Data excerpts >>

┄┄┄┄┄┄┄┄┄┄┄┄┄┄┄┄┄┄┄┄

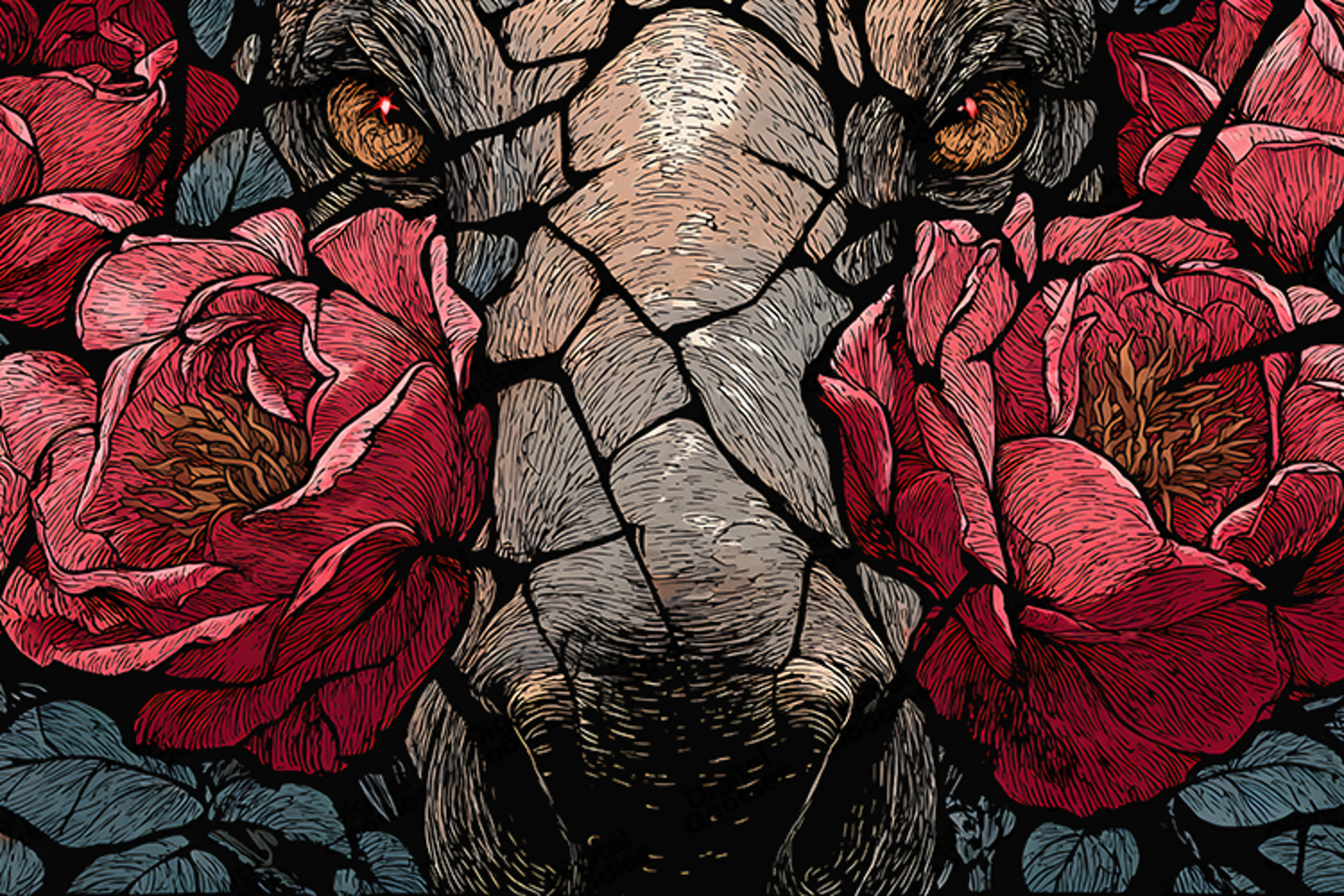 Detailed floral animal illustration featuring bold roses, intricate linework, and rich artistic shading, perfect for crafts, digital papers, and creative design projects. Ideal for scrapbooking, posters, apparel graphics, and decorative layouts, this expressive floral artwork adds depth, emotion, and a striking artistic flair to any creative project.
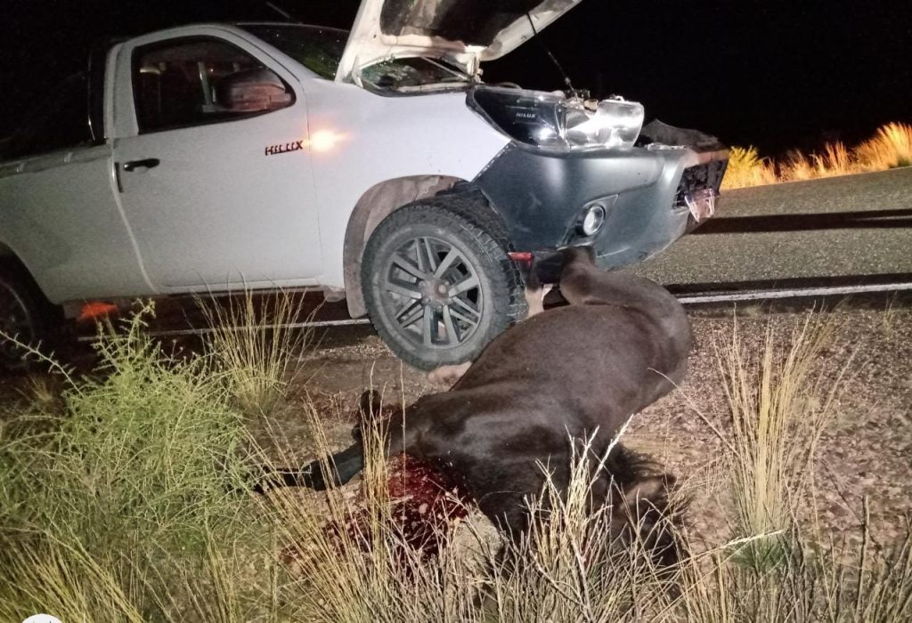 Una camioneta que se desplazaba por la ruta provincial Nº 17, a la altura de Barda González chocó contra un caballo que intentaba atravesar la vía provincial. Los ocupantes del vehículo sufrieron lesiones que no son de gravedad.
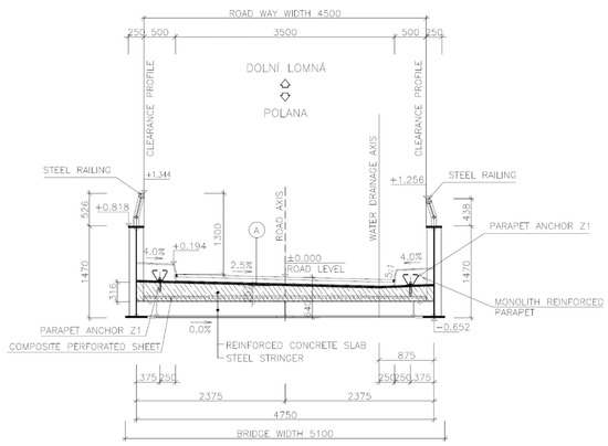 The main beams were designed as welded I profiles with a height of 1.47 m with both-side column bracing. The mutual axial distance of the beams is 4.75 m. The beams are interconnected in the bottom part by an oblique end and perpendicular intermediate crossbeams at a distance of 1.5 m. The bottom bridge deck is made of a system of longitudinal beams and cross beams. Crossbeams with a span of 4.75 m were designed from cold-rolled profile HEB 260 and carry internal longitudinal beams, which are also designed from cold-rolled profiles HEB 260 at a mutual distance of 1.50 m. For the structural coupling of the reinforced concrete slab of the bridge deck with steel structure, perforated coupling strips made of the structural steel with a yield strength of 355 MPa were welded to the upper flanges of the bridge deck steel crossbeams. The properties of the steel used are specified in the European standard [30]. A railing with vertical infill made of structural steel with a yield strength of 235 MPa (S235) was welded to the upper flange of the main load-bearing beams. The load-bearing steel beams were composed of structural steel with a yield strength of 355 MPa (S355). The bridge deck slab was designed as monolithic reinforced concrete, 4.736 m wide and 13.06 long. The thickness of the slab is variable. The minimum slab thickness is 200 mm. The slab is designed from reinforced concrete C30/37, and it supports the roadway. The crossbeams and reinforced concrete slab are connected in the roadway part. Coupling was realized by means of the coupling strip made of 12 mm thick sheet steel, which is perforated with a diameter of 30 mm holes and welded to the upper flange of the crossbeams by a T-filled weld. The bottom primary load-bearing reinforcement of the concrete slab was passed through the holes at the coupling strip. The roadway structure on the bridge comprises asphalt concrete with a thickness of 40 mm, connecting spray, coated medium grain aggregates, 35 mm thick mastic asphalt, and NAIP insulation on the sealing layer. On both sides of the bridge, monolithic parapets are composed of reinforced concrete with strength class C30/37 with resistance to corrosion induced by chlorides and with the resistance to alternate freeze and thaw attacks. The monolithic parapets are 618 mm wide. On both sides of the bridge, a 1.30 m high railing is designed with a vertical infill made of structural steel, which is anchored to the parapet via anchor plates by means of glued anchors.
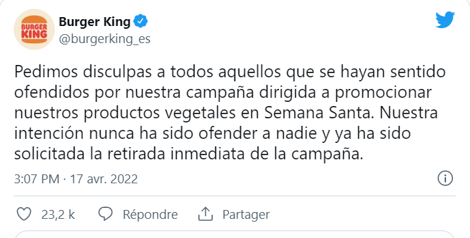 « Nous nous excusons auprès de tous ceux qui se sont sentis offensés par notre campagne visant à promouvoir nos produits végétaux pendant la Semaine Sainte. Notre intention n’a jamais été d’offenser qui que ce soit et le retrait immédiat de la campagne a déjà été demandé », a tweeté Burger King.
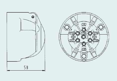 Zásuvka 12V/7P polová- hliník,bez odpínania hml.svetla, skrutkové spoje. Možné doobjednať gumenné tesnenie pod .č. 035286 DIN/ISO 1724
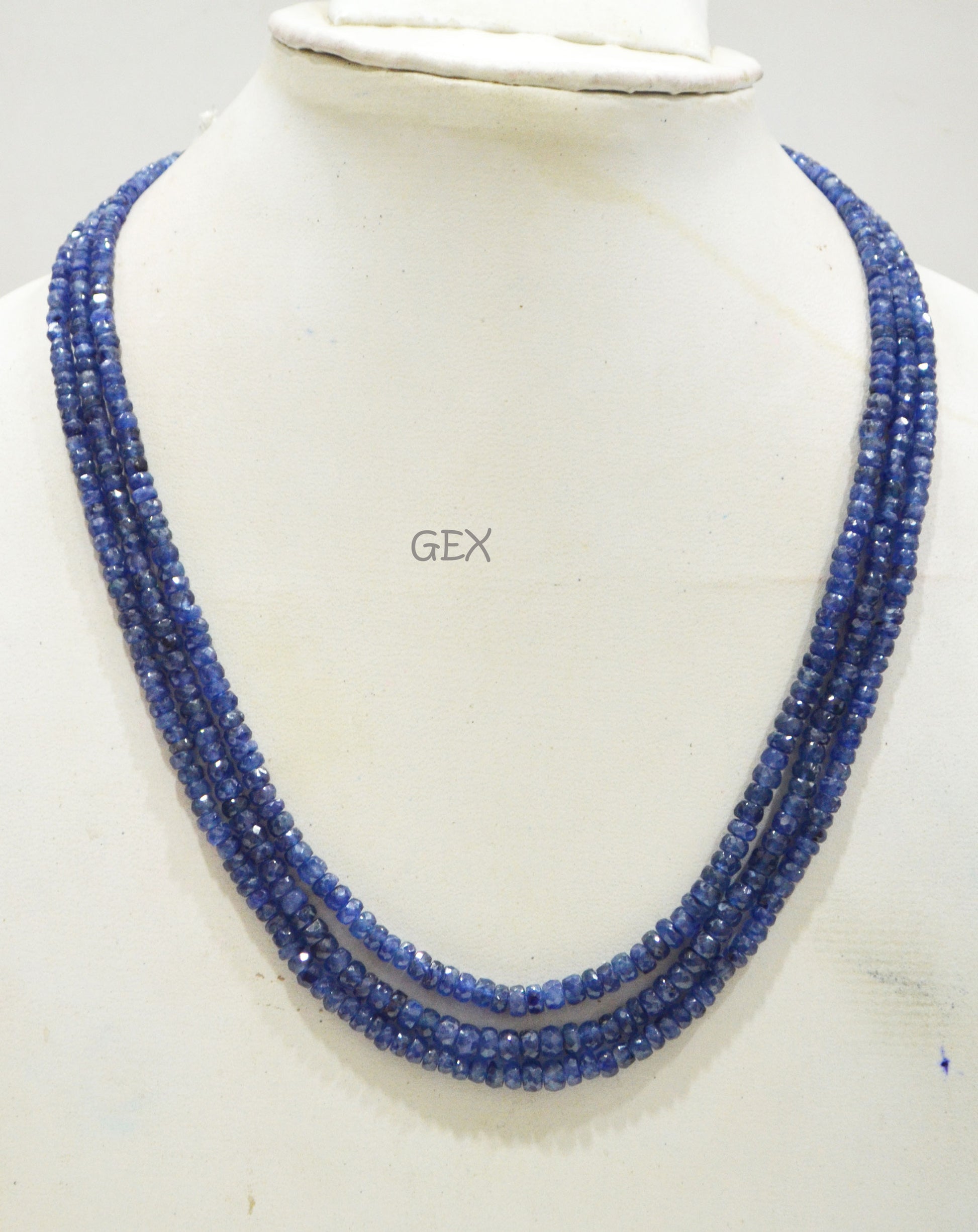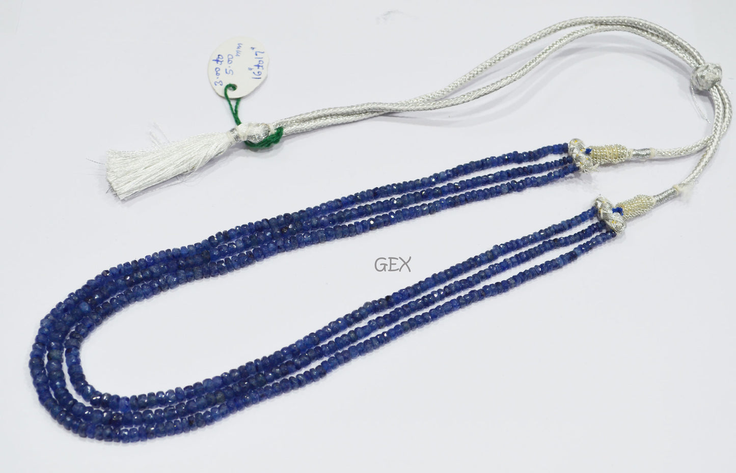 Sapphire Glass Filled Faceted Rondelle Shape Necklace , Sapphire Glass Filled 3 Line Necklace 16 - 17 Inches Long With Adjustable Tussle , 3 - 5 mm , 32038
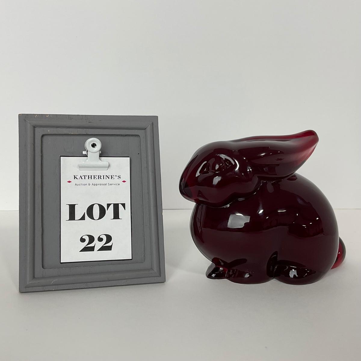 One Heisey by Dalzell Imperial ruby red mother rabbit marked. A few small chips at the bottom edge of this piece but in otherwise very good condition. 4 1/2 inches tall by 5 1/2 inches long. Please see photos for details and condition. Any condition statement is given as a courtesy to a client, is an opinion, and should not be treated as a statement of fact. Reference to condition written, oral or within a condition report shall not be regarded as a full account of condition and may not include all defects, alterations, or restorations. Absence of a condition report does not imply a lot is flawless or lacking imperfections or damage. Katherine’s Auction & Appraisal Service shall have no responsibility for any error or omission. Returns shall not be accepted on the basis of condition. ::: Shipping is available on this lot. If you require shipping you must let us know at the close of the auction. We will coordinate with you after the item has been won. Shipping fees will include insurance up to or exceeding the value of all items being mailed. If you have any questions regarding this lot please contact the auctioneer either via this website, by direct email or by phone. PICK UP TIMES and other important information can be found in the TERMS and DESCRIPTION of the auction. Please take a look for pertinent information. Thanks!

┄┄┄┄┄┄┄┄┄┄┄┄┄┄┄┄┄┄┄┄

Please repeat every record above exactly, leaving the pictures out.

 Detailed floral animal illustration featuring bold roses, intricate linework, and rich artistic shading, perfect for crafts, digital papers, and creative design projects. Ideal for scrapbooking, posters, apparel graphics, and decorative layouts, this expressive floral artwork adds depth, emotion, and a striking artistic flair to any creative project.
 Una camioneta que se desplazaba por la ruta provincial Nº 17, a la altura de Barda González chocó contra un caballo que intentaba atravesar la vía provincial. Los ocupantes del vehículo sufrieron lesiones que no son de gravedad.
 The main beams were designed as welded I profiles with a height of 1.47 m with both-side column bracing. The mutual axial distance of the beams is 4.75 m. The beams are interconnected in the bottom part by an oblique end and perpendicular intermediate crossbeams at a distance of 1.5 m. The bottom bridge deck is made of a system of longitudinal beams and cross beams. Crossbeams with a span of 4.75 m were designed from cold-rolled profile HEB 260 and carry internal longitudinal beams, which are also designed from cold-rolled profiles HEB 260 at a mutual distance of 1.50 m. For the structural coupling of the reinforced concrete slab of the bridge deck with steel structure, perforated coupling strips made of the structural steel with a yield strength of 355 MPa were welded to the upper flanges of the bridge deck steel crossbeams. The properties of the steel used are specified in the European standard [30]. A railing with vertical infill made of structural steel with a yield strength of 235 MPa (S235) was welded to the upper flange of the main load-bearing beams. The load-bearing steel beams were composed of structural steel with a yield strength of 355 MPa (S355). The bridge deck slab was designed as monolithic reinforced concrete, 4.736 m wide and 13.06 long. The thickness of the slab is variable. The minimum slab thickness is 200 mm. The slab is designed from reinforced concrete C30/37, and it supports the roadway. The crossbeams and reinforced concrete slab are connected in the roadway part. Coupling was realized by means of the coupling strip made of 12 mm thick sheet steel, which is perforated with a diameter of 30 mm holes and welded to the upper flange of the crossbeams by a T-filled weld. The bottom primary load-bearing reinforcement of the concrete slab was passed through the holes at the coupling strip. The roadway structure on the bridge comprises asphalt concrete with a thickness of 40 mm, connecting spray, coated medium grain aggregates, 35 mm thick mastic asphalt, and NAIP insulation on the sealing layer. On both sides of the bridge, monolithic parapets are composed of reinforced concrete with strength class C30/37 with resistance to corrosion induced by chlorides and with the resistance to alternate freeze and thaw attacks. The monolithic parapets are 618 mm wide. On both sides of the bridge, a 1.30 m high railing is designed with a vertical infill made of structural steel, which is anchored to the parapet via anchor plates by means of glued anchors.
 « Nous nous excusons auprès de tous ceux qui se sont sentis offensés par notre campagne visant à promouvoir nos produits végétaux pendant la Semaine Sainte. Notre intention n’a jamais été d’offenser qui que ce soit et le retrait immédiat de la campagne a déjà été demandé », a tweeté Burger King.
 Zásuvka 12V/7P polová- hliník,bez odpínania hml.svetla, skrutkové spoje. Možné doobjednať gumenné tesnenie pod .č. 035286 DIN/ISO 1724
 Sapphire Glass Filled Faceted Rondelle Shape Necklace , Sapphire Glass Filled 3 Line Necklace 16 - 17 Inches Long With Adjustable Tussle , 3 - 5 mm , 32038
 One Heisey by Dalzell Imperial ruby red mother rabbit marked. A few small chips at the bottom edge of this piece but in otherwise very good condition. 4 1/2 inches tall by 5 1/2 inches long. Please see photos for details and condition. Any condition statement is given as a courtesy to a client, is an opinion, and should not be treated as a statement of fact. Reference to condition written, oral or within a condition report shall not be regarded as a full account of condition and may not include all defects, alterations, or restorations. Absence of a condition report does not imply a lot is flawless or lacking imperfections or damage. Katherine’s Auction & Appraisal Service shall have no responsibility for any error or omission. Returns shall not be accepted on the basis of condition. ::: Shipping is available on this lot. If you require shipping you must let us know at the close of the auction. We will coordinate with you after the item has been won. Shipping fees will include insurance up to or exceeding the value of all items being mailed. If you have any questions regarding this lot please contact the auctioneer either via this website, by direct email or by phone. PICK UP TIMES and other important information can be found in the TERMS and DESCRIPTION of the auction. Please take a look for pertinent information. Thanks!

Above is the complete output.